**Data extract:**
******
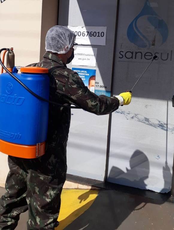 Pensando na prevenção e bem estar de empregados e clientes, a direção da Empresa de Saneamento do MS também recebeu a equipe do exército para ação de desinfecção nos escritórios de atendimento em Dourados. A ação de repetirá também na sede da empresa.
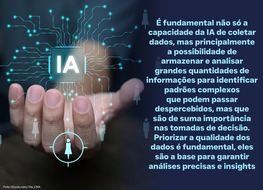 Nesse cenário, é fundamental não só a capacidade da IA de coletar dados, mas principalmente a possibilidade de armazenar e analisar grandes quantidades de informações para identificar padrões complexos que podem passar despercebidos, mas que são de suma importância nas tomadas de decisão. Priorizar a qualidade dos dados é fundamental, eles são a base para garantir análises precisas e insights.
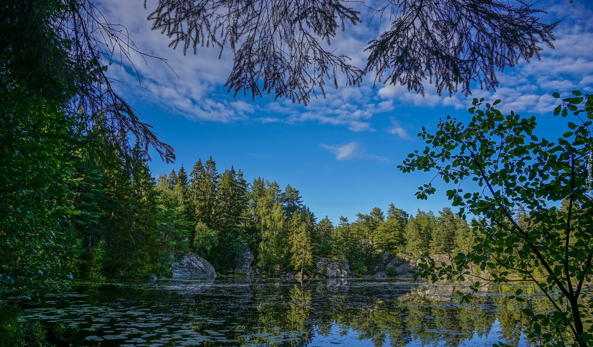 Edytor tapety: Pogodny letni dzień nad jeziorem wśród drzew
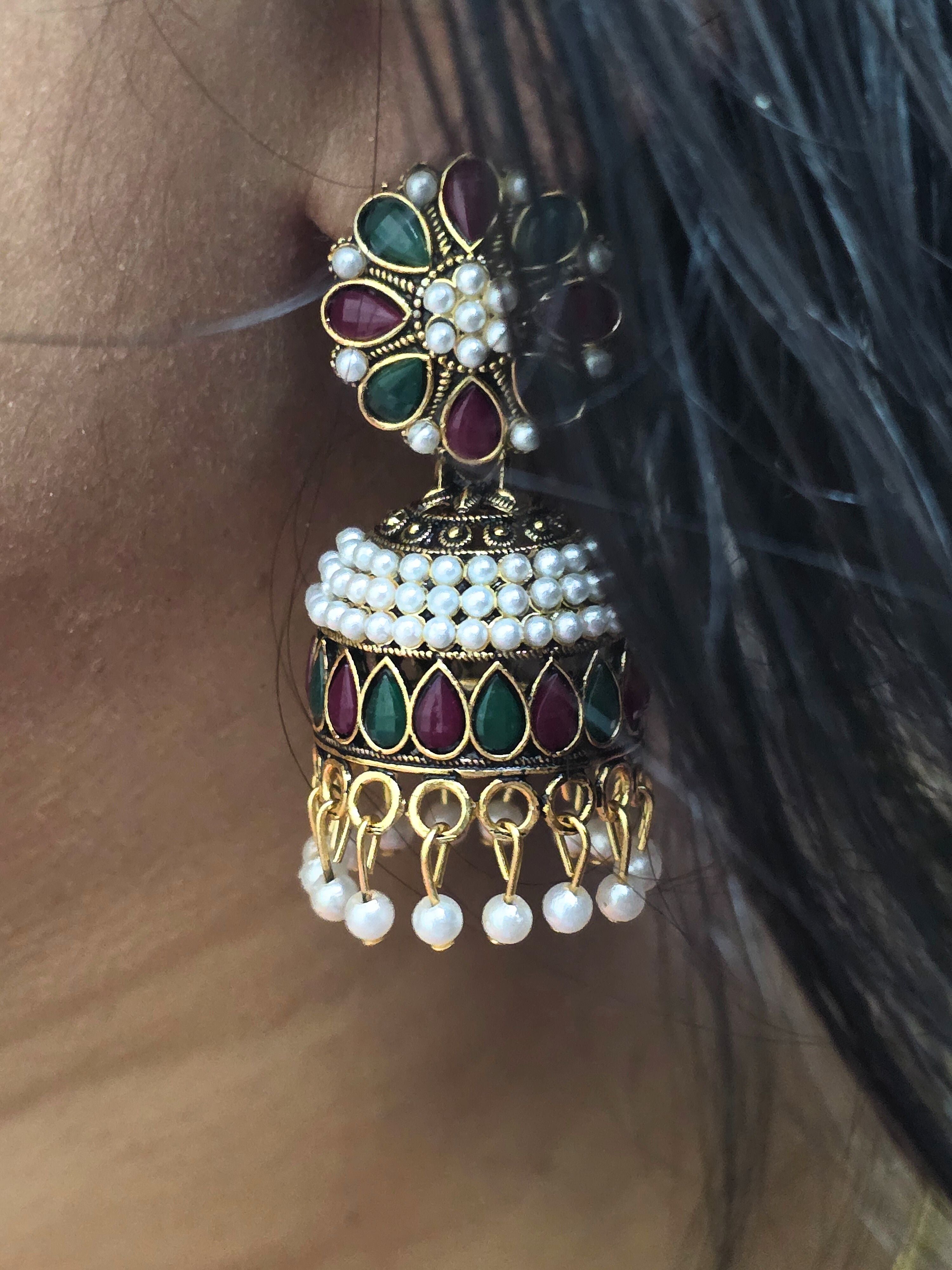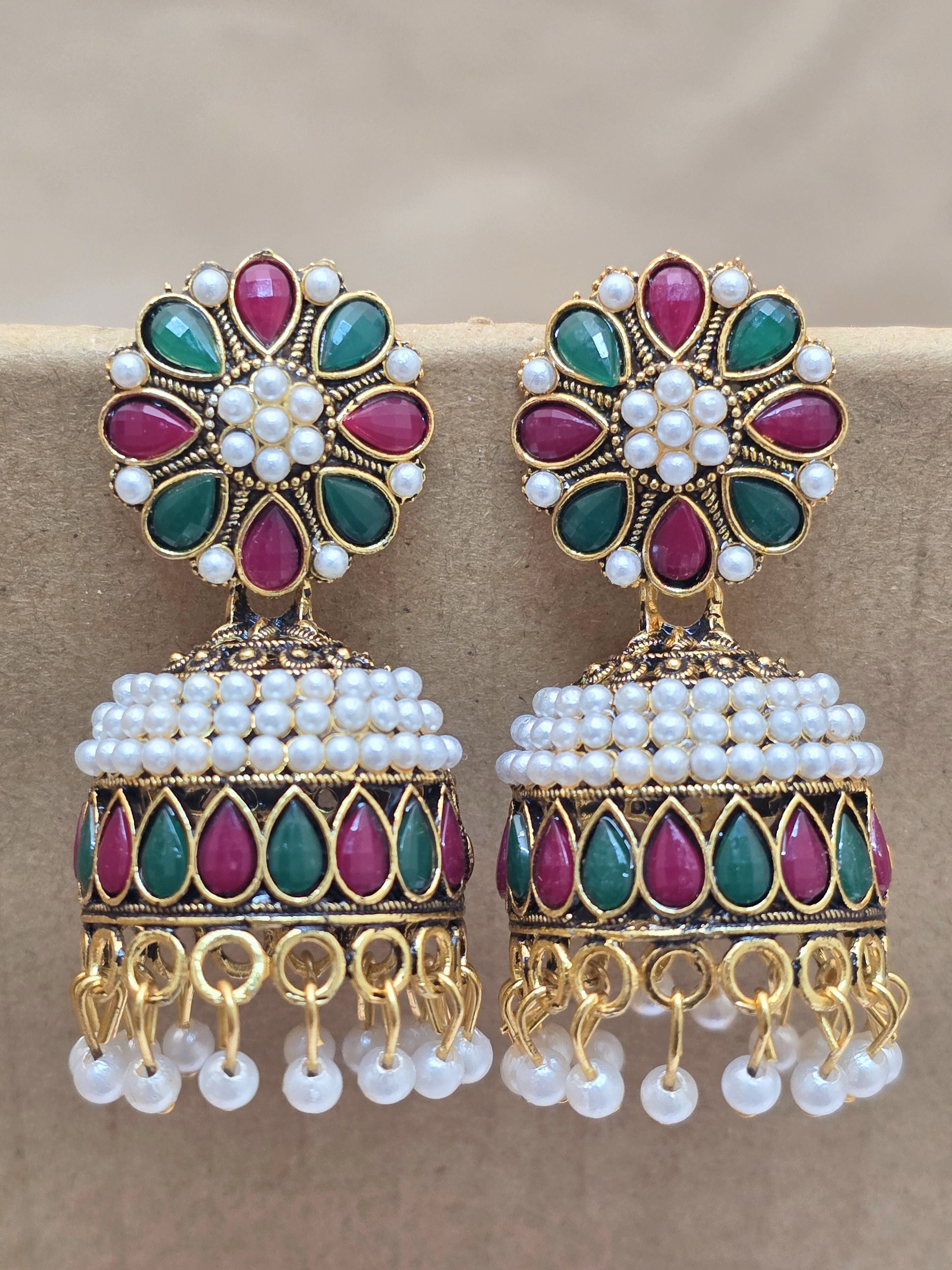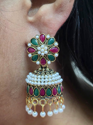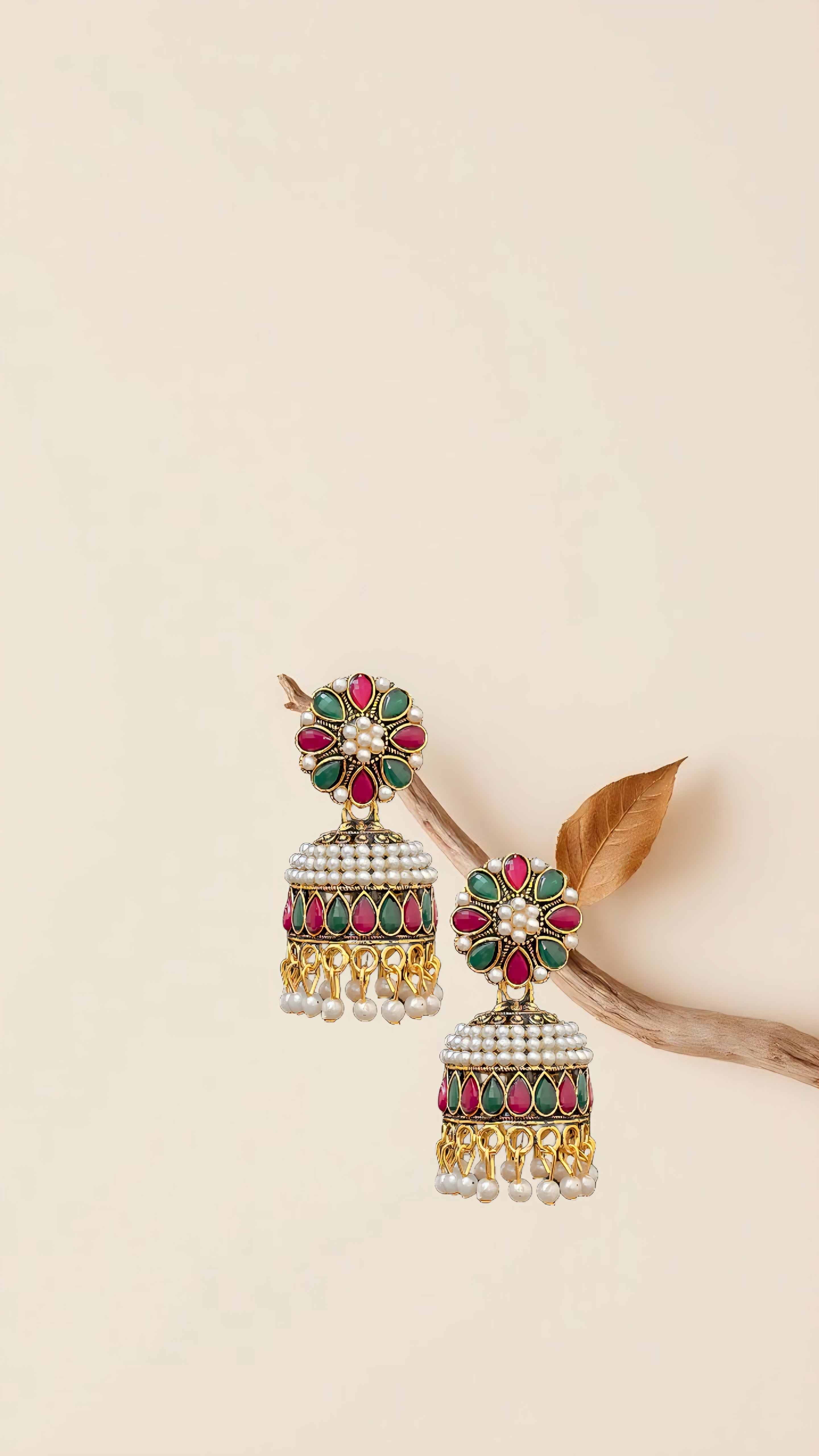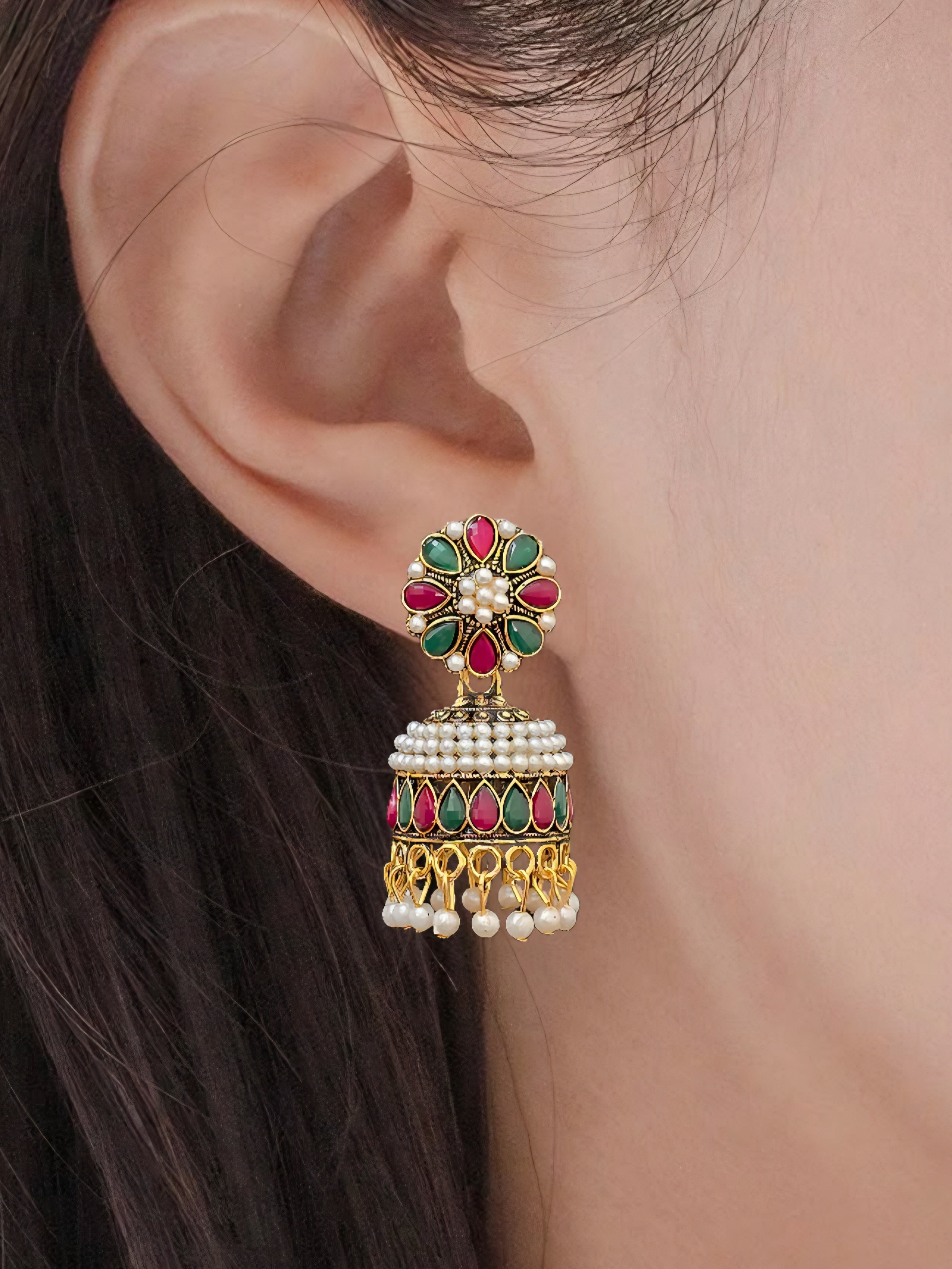 Pearl-Embedded Jhumka Earrings for Women and Girls (Wedding & Engagement Jewelry)
******
**What is being asked:** Write the lines above out again exactly, excluding every picture.

**Solution for this exercise:**
 Pensando na prevenção e bem estar de empregados e clientes, a direção da Empresa de Saneamento do MS também recebeu a equipe do exército para ação de desinfecção nos escritórios de atendimento em Dourados. A ação de repetirá também na sede da empresa.
 Nesse cenário, é fundamental não só a capacidade da IA de coletar dados, mas principalmente a possibilidade de armazenar e analisar grandes quantidades de informações para identificar padrões complexos que podem passar despercebidos, mas que são de suma importância nas tomadas de decisão. Priorizar a qualidade dos dados é fundamental, eles são a base para garantir análises precisas e insights.
 Edytor tapety: Pogodny letni dzień nad jeziorem wśród drzew
 Pearl-Embedded Jhumka Earrings for Women and Girls (Wedding & Engagement Jewelry)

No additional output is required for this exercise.